Our implementation uses pytorch. We recommend setting up a conda environment. env.yaml provides the environment file.

conda env create -f env.yaml

Additionally, mujoco210 is required. Please download and setup from the official source.

Training

To run models for any of the domains, first use the provided base commands and then proceed to modify command line arguments as indicated.

Importance weight of diversity lambda_I is implemented as 1-dr_cc. For example, to set lambda_I=0.2, use --dr_cc 0.8. For sweep range, please refer to the paper appendix.
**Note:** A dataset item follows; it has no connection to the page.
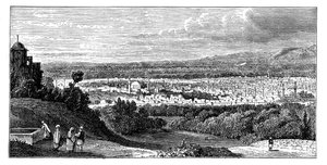stadt · himmel · abhang · reiten · mitfahrer · australien · ansicht · ozeanien · cityscape · victoria · position · jahrhundert · outing · melbourne · tag heraus · einfarbig · stich · 19. jahrhundert · schwarzes u. weiß · schwarzes und weiß · erhöhte ansicht · 19.jahrhundert · engraving · unknown · arial view · The Print Collector/Heritage Images |
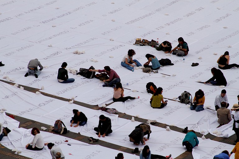 According to the Colombian website ‘Arcadia’ a rumour began at the Universidad Nacional (National University) in Bogotá shortly after the vote to reject a peace agreement was announced regarding Salcedo’s desire to create an artwork in response to the vote. Shortly after, an email was sent to the entire campus: “Doris Salcedo invites us to draw the names of victims of the decades-long conflict on seven kilometers of cloth and then put them together with needle and thread.” In response, thousands of volunteers from around the city gathered early on the morning of 6th of October 2016 in La Plaza Bolívar. Created in collaboration with citizens and in collaboration with the Museo de la Universidad Nacional, Sumando Ausencias (Adding Absences) took the form of a banner or ‘shroud’ across La Plaza Bolívar. La Plaza Bolivar has been the focal point for many of the city’s tragedies and triumphs. The Palace of Justice, twice rebuilt due to violence and attacks, stands there alongside the Cathedral and the National Capitol, which houses the government of Colombia. At this historical landmark, Salcedo worked with citizen volunteers to create Sumando Ausencias. Using 7,000 metres of fabric the protest camp inhabitants and other volunteers used ash to write some 2,300 names on white cloth. Gathered from the government’s Registry of Victims, these names represented only a fraction, roughly 7%, of the victims of Colombia’s civil war. Sumando Ausencias was an urgent and enormous artwork, created in just one week with the help of over one thousand volunteers. Once the names were complete on the morning of 11th October, Salcedo and the volunteers began to assemble the piece. Each sheet of cloth symbolising a death shroud was carried and laid down carefully by volunteers in a gesture of respect for the absent victims, then stitched together by hand over a period of 12 hours. Once complete, Sumando Ausencias covered the entire Plaza.

For regularization methods (SN, GSD), magnitude of regularization lambda_C is implemented as dl_scale. For example, to set lambda_C=0.1, use --dl_scale 0.1. For sweep ranges for each domain, please refer to the paper appendix.

Base commands

We provide the base commands for each domain to train InfoGAIL (IG).

PointMaze

python code/vild_main.py \
    --env_id -5 --c_data 1 --v_data 1 \
    --max_step 2500000 --big_batch_size 1000 --bc_step 0 \
    --il_method infogsdr --rl_method ppo \
    --encode_dim 2 --encode_sampling normal \
    --info_loss_type bce --clip_discriminator 0 --offset_reward 0 \
    --ac_dec 0 --ac_rew 1 \
    --dr_cc 0.9 --gp_lambda 0.01 --learning_rate_d 1e-3 \
    --p_step 1 --lr_p 1e-3 --wd_p 0 --lr_dk 0 \
    --reg_dec 0 --sn_dec 0 --dl_l2m 0 \
    --dl_scale 0.0001 --dl_linit 100 --dl_llr 1e-3 --dl_slack 1e-6 \
    --seed 1

InvertedPendulum

python code/vild_main.py \
    --env_id -71 --c_data 1 --max_step 10000000 --v_data 2 \
    --il_method infogsdr --rl_method ppo \
    --encode_dim 2 --encode_sampling normal \
    --info_loss_type bce --clip_discriminator 0 --offset_reward 0 \
    --ac_dec 1 --ac_rew 1 \
    --dr_cc 0.9 --gp_lambda 0.1 --learning_rate_d 1e-3 \
    --p_step 1 --lr_p 1e-3 --wd_p 0 --lr_dk 0 \
    --reg_dec 0 --sn_dec 0 \
    --dl_scale 0.001 --dl_linit 100 --dl_llr 1e-3 --dl_slack 1e-6 --dl_l2m 0 \
    --seed 1 --nthreads 2

HalfCheetah

python code/vild_main.py \
    --env_id -20 --c_data 1 --max_step 10000000 \
    --il_method infogsdr --rl_method ppo \
    --encode_dim 2 --encode_sampling normal \
    --info_loss_type bce --clip_discriminator 0 --offset_reward 0 \
    --ac_dec 1 --ac_rew 1 \
    --dr_cc 0.9 --gp_lambda 0.1 --learning_rate_d 1e-3 \
    --p_step 1 --lr_p 1e-3 --wd_p 0 --lr_dk 0 \
    --reg_dec 0 --sn_dec 0 \
    --dl_scale 0.001 --dl_linit 10 --dl_llr 1e-4 --dl_slack 1e-6 --dl_l2m 0 \
    --seed 1 --nthreads 2

FetchPickPlace

python code/vild_main.py \
    --env_id -43 --c_data 1 --max_step 10000000 \
    --il_method infogsdr --rl_method ppobc --bc_cf 0.1 --norm_obs 1 \
    --encode_dim 2 --encode_sampling normal \
    --info_loss_type bce --clip_discriminator 0 --offset_reward 0 \
    --ac_dec 1 --ac_rew 1 \
    --dr_cc 0.9 --gp_lambda 0.1 --learning_rate_d 1e-3 \
    --p_step 1 --lr_p 1e-3 --wd_p 0 --lr_dk 0 \
    --reg_dec 0 --sn_dec 0 \
    --dl_scale 0.001 --dl_linit 100 --dl_llr 1e-3 --dl_slack 1e-6 --dl_l2m 0 \
    --seed 1 --nthreads 2

Modifications to run various models

Modifications of base command for IG+M PointMaze

--clip_discriminator 5

Others

--clip_discriminator 10

Modifications of base command for IG+M+SN

--clip_discriminator 5/10
--sn_dec 1

Modifications of base command for GSD (Our regularization)

--clip_discriminator 5/10
--reg_dec 1 --dl_l2m 1

Evaluation

Please use the below command to perform evaluation as in the submission, by setting the correct env_id, v_data and policy path path as indicated below. The sampling process is parallelized by default. To set the desired number of threads, modify code/run_model.py:L436 to set NPARALLEL=<desired_nthreads>.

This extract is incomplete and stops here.